* $45 mln payout includes criminal, civil penalties
* Par accused of marketing drug for off-label use
* TPG Capital bought Par for $1.9 bln in September
By Linda Federico-O'Murchu and Jonathan Stempel
March 5 Par Pharmaceutical Cos, a generic
drugmaker, has pleaded guilty to improperly marketing a
medication intended to address appetite loss in AIDS patients,
and agreed to pay $45 million to resolve a federal criminal
probe and related civil litigation.
The company pleaded guilty to a misdemeanor charge for
misbranding the drug Megace ES for uses not approved by the U.S.
Food and Drug Administration, at a hearing before U.S.
Magistrate Judge Madeline Cox Arleo in Newark, New Jersey.
Private equity firm TPG Capital LP bought Par for $1.9
billion in September.
Federal prosecutors said Megace ES was meant to treat
anorexia and other weight loss in AIDS patients, but that Par
deliberately promoted it for off-label uses, such as for elderly
nursing home residents who were losing weight.
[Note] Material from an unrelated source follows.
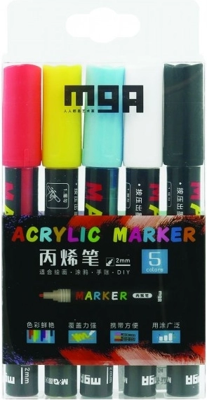 A csomag 5 különböző színt tartalmaz, amelyek ideálisak változatos művészeti technikákhoz. Bízhatsz a gyors száradásban és a száradás utáni vízállóságukban. Mindez egy praktikus, 9 x 18 x 2 cm méretű dobozban található.

"The conduct of this company was in some real measure
flagrant," U.S. Attorney Paul Fishman in New Jersey said in an
interview at his office. "The company was told on at least two
occasions in 2005 that it did not have permission from the FDA
to market this drug as appropriate for senior citizens, and it
chose to ignore that. And it made the wrong choice."
Par and its lawyer did not immediately respond to several
requests for comment.
Tuesday's settlement includes an $18 million fine, a $4.5
million criminal forfeiture, and $22.5 million to resolve civil
litigation against the Woodcliff Lake, New Jersey-based company.
It also resolves three whistleblower lawsuits brought under
the federal False Claims Act, which lets private parties sue on
behalf of the United States and share in the government's
Par also agreed to enter a five-year "corporate integrity
agreement" with the U.S. Department of Health and Human
Services. This agreement requires the company to improve
oversight, and permits it to take back bonuses from executives
who engage in significant misconduct.
The U.S. Department of Justice announced the settlement and
the guilty plea, which it said was entered by Par Chief
Executive Paul Campanelli on the company's behalf.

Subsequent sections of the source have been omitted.